The report from the non-profit organization Health Care Cost Institute found $5,705 was spent on insulin in 2016. Four years earlier, spending hit $2,864.
The spike in insulin prices has left patients worried whether they can afford to continue purchasing a drug required to survive.
In the case of one IRS employee out of work during the government shutdown, she started a GoFundMe campaign to help pay for insulin to treat her Type 2 diabetes.
“I need my insulin,” said Herlean Younce, who has worked at the IRS office in Covington, Ky., for almost 30 years. “That whole staying alive thing is really important.”
Three years ago, the American Diabetes Association started an initiative called Stand Up for Affordable Insulin to pressure drugmakers to make insulin more affordable for patients.

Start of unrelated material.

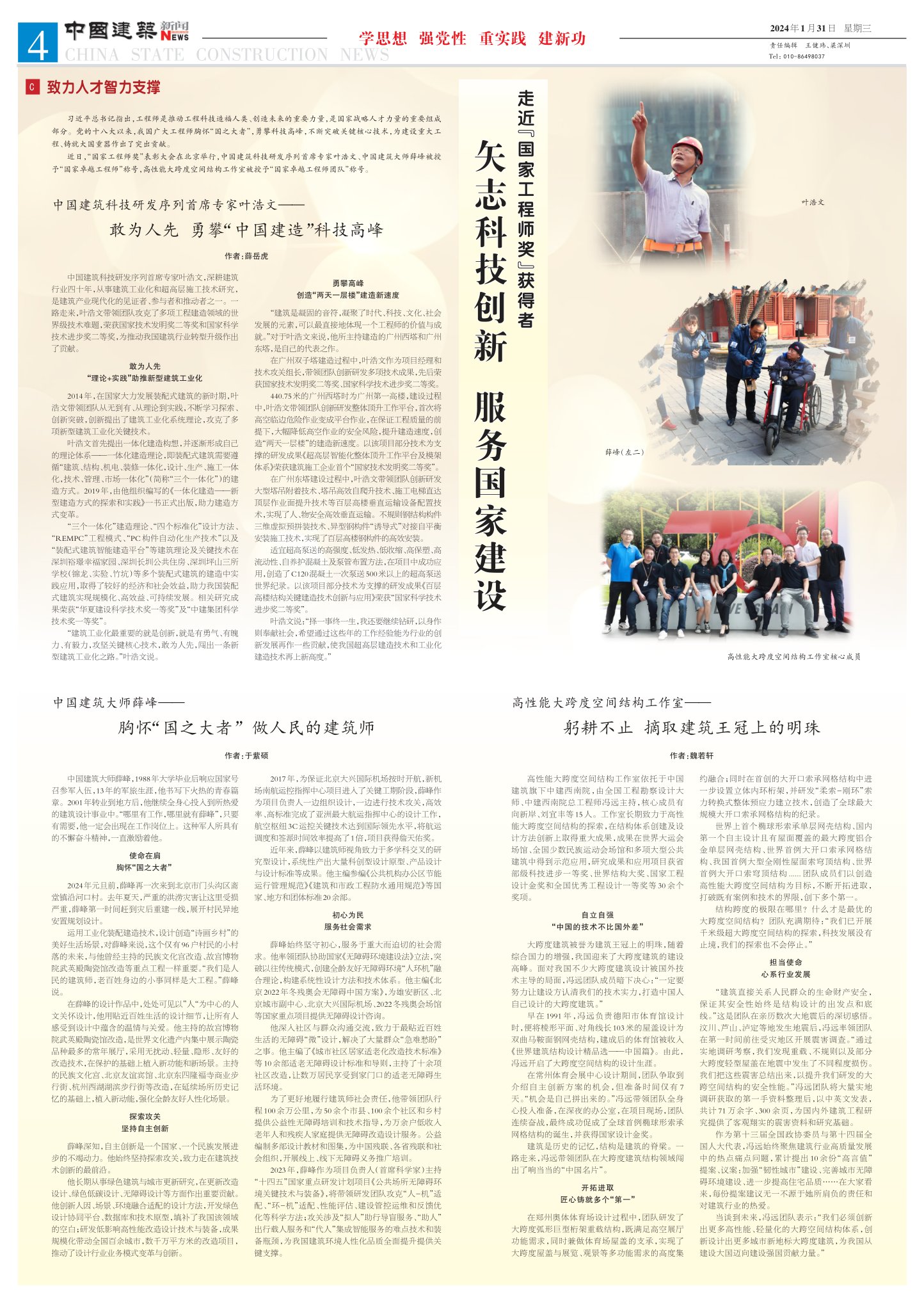 近日,“国家工程师奖”表彰大会在北京举行,中国建筑科技研发序列首席专家叶浩文、中国建筑大师薛峰被授予“国家卓越工程师”称号,高性能大跨度空间结构工作室被授予“国家卓越工程师团队”称号。

Overall, annual spending on Type 1 diabetes jumped from $12,467 in 2012 to $18,494 in 2016. The report said the rise in insulin prices were a key factor in the increase in overall spending.
The report from HCCI also found average daily insulin use by people with Type 1 diabetes rose three percent during the four-year period.
HCCI is a non-profit that uses claims data from Medicare and four insurance companies — Aetna, Humana, Kaiser Permanente, and UnitedHealthCare — to study health care costs. HCCI is funded in part by the four insurance companies, said the group on its website.
Worldwide, insulin use is expected to rise 20 percent by 2030, and many patients won’t have access, said a study released last year by Stanford University. According to the study, 79 million people worldwide will require insulin to treat the disease, but only 38 million will have access.